1 | En 1) dan de kinderen:
hoor 2) naar 3) je ouders, in (de verbondenheid met) 4) de Heer 5); want dat is rechtvaardig 6). |
2 | ‘Eer je vader en moeder’-
dat is een eerste gebod met een belofte in zich 7), |
3 | opdat het je wel zal gaan 8)
en je lange tijd zult leven 9) op het land 10). |
4 | En de vaders:
maak je kinderen niet boos, maar zorg 11) voor hen in de opvoeding en terechtwijzing 12) van de Heer. |
5 | Dan de slaven:
hoor naar hen die ‘naar de mens’ heren 13) zijn, met vrees en beven, in de eenvoud van je hart 14), zoals je naar de Christus hoort 15), |
6 | niet als slaaf van hun ogen 16), als mensenvleiers 17),
maar als slaven van Christus die de wil van God doen met hart-en-ziel 18), |
7 | die met een goede gezindheid 19) hun slavenwerk doen
als was het voor de Heer en niet voor mensen, |
8 | omdat je weet dat ieder. wanneer die goed doet.

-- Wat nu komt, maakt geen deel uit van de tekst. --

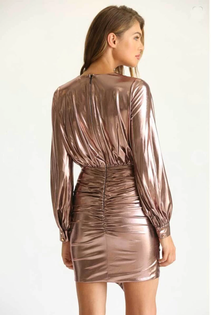 You’ll be one hot mama rocking this Metallic Rose Gold Dress. With its deep plunging V neckline, you can show off your shoulders and chest. The ruched back makes it flattering on every body type. The material is super stretchy so it will hug your curves. Dress it up with stilettos or casual with flats, you’re sure to turn heads with this beauty!

dat zal ontvangen van de Heer, of hij nu slaaf is of vrije. |
9 | En de heren:
doe datzelfde jegens hen, laat het dreigen na, omdat je weet 20) dat zowel van hen als van jullie de Heer in de hemelen is en dat er geen aanzien des persoons is bij hem. |
10 | Voor 21) het overige 22):
weest 23) sterk 24) in de Heer en in de kracht van zijn macht. |
11 | Bekleedt 25) u met het volledige pantser 26) van God
zodat je in staat bent staande te blijven tegenover de listen van de duivel. |
12 | Want voor ons is niet de worsteling
tegen bloed en vlees, maar tegen de wereldheersers, tegen de machten, tegen de kosmische krachten van deze duisternis, tegen de kwade geesten 27) in de hemelse gewesten. |
13 | Neemt 28) 29) daarom het volledige pantser van God,
zodat je in staat bent om tegenstand te bieden op de kwade dag en alles zo volbrengend 30) stand te houden. |
14 | Blijft dus staande
uw heupen omgordend met de waarheid en met de borstplaat van de rechtvaardigheid u bekledend, |
15 | de voeten geschoeid met de bereidvaardigheid 31)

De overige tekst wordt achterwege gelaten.